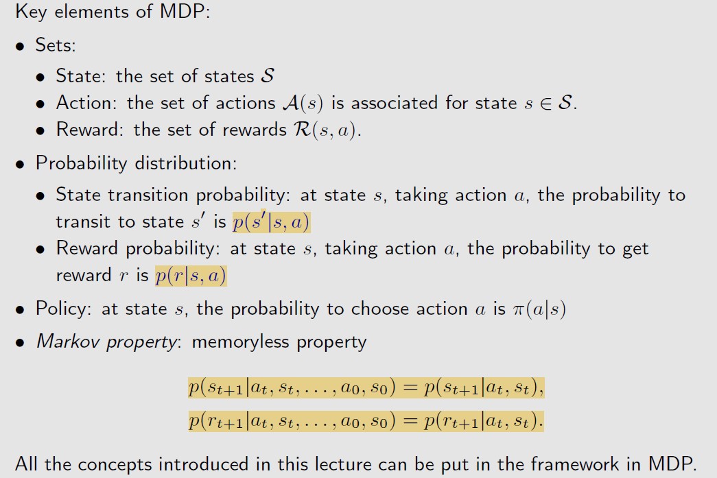 Markov decision process就是 1)markov property(t+1时刻的状态和reward,只
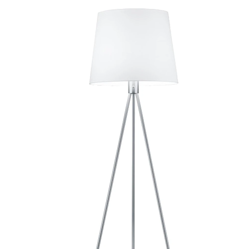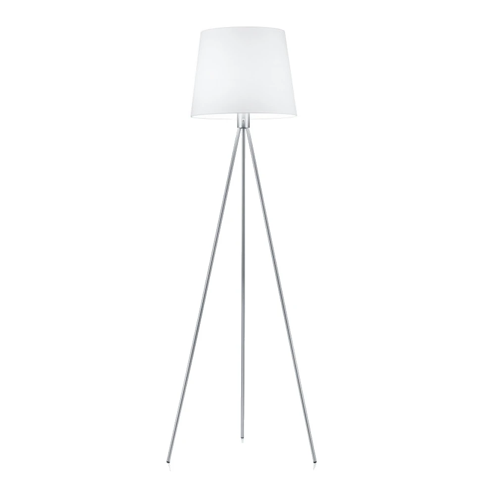 Dreibeinige Stehleuchte mit weißem, konischen Chintzschirm und Tastdimmer von Knapstein Leuchten
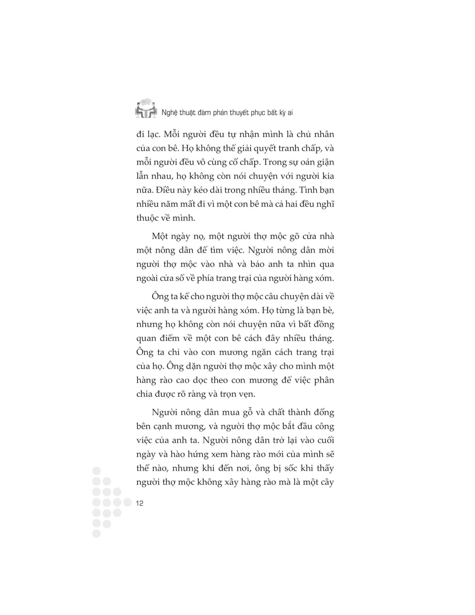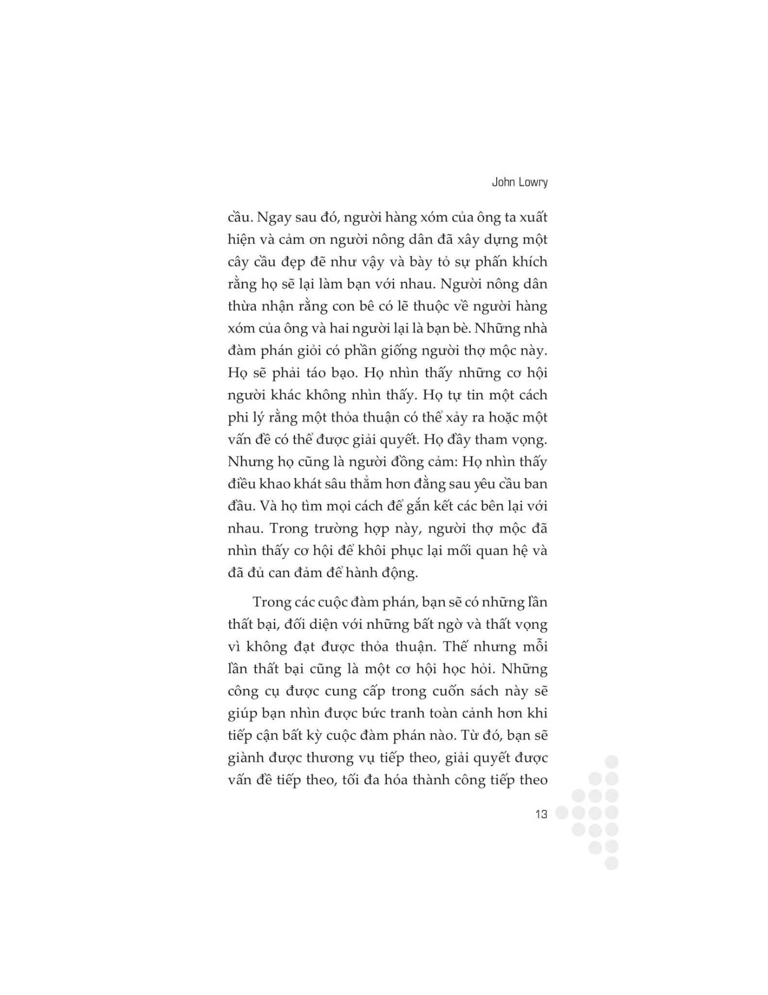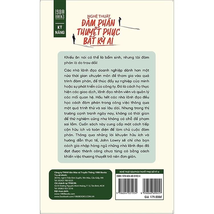 Cuốn sách này cung cấp một cách tiếp cận hữu ích và toàn diện để làm chủ cuộc đàm phán. Thông qua những lời khuyên hữu ích và hướng dẫn thực tế, tác giả John Lowry sẽ chỉ cho bạn cách gia nhập hàng ngũ những nhà lãnh đạo đã đạt được thành công chưa từng có bằng cách khiến việc thương thuyết trở nên đơn giản. Sự cần thiết của đàm phán được thể hiện trong mọi khía cạnh của đời sống, từ công việc đến cuộc sống đời thường. Phát triển kỹ năng đàm phán thuyết phục sẽ giúp bạn có thêm đạt được nhiều thành công, duy trì những mối quan hệ tốt đẹp và nâng cao hiệu quả khi giao tiếp.

=-=-=-=-=

▸ **Task brief**
When copying the listing, skip the pictures and keep each line exactly as written.

▸ **Solution below**
 Markov decision process就是 1)markov property(t+1时刻的状态和reward,只
 Dreibeinige Stehleuchte mit weißem, konischen Chintzschirm und Tastdimmer von Knapstein Leuchten
 Cuốn sách này cung cấp một cách tiếp cận hữu ích và toàn diện để làm chủ cuộc đàm phán. Thông qua những lời khuyên hữu ích và hướng dẫn thực tế, tác giả John Lowry sẽ chỉ cho bạn cách gia nhập hàng ngũ những nhà lãnh đạo đã đạt được thành công chưa từng có bằng cách khiến việc thương thuyết trở nên đơn giản. Sự cần thiết của đàm phán được thể hiện trong mọi khía cạnh của đời sống, từ công việc đến cuộc sống đời thường. Phát triển kỹ năng đàm phán thuyết phục sẽ giúp bạn có thêm đạt được nhiều thành công, duy trì những mối quan hệ tốt đẹp và nâng cao hiệu quả khi giao tiếp.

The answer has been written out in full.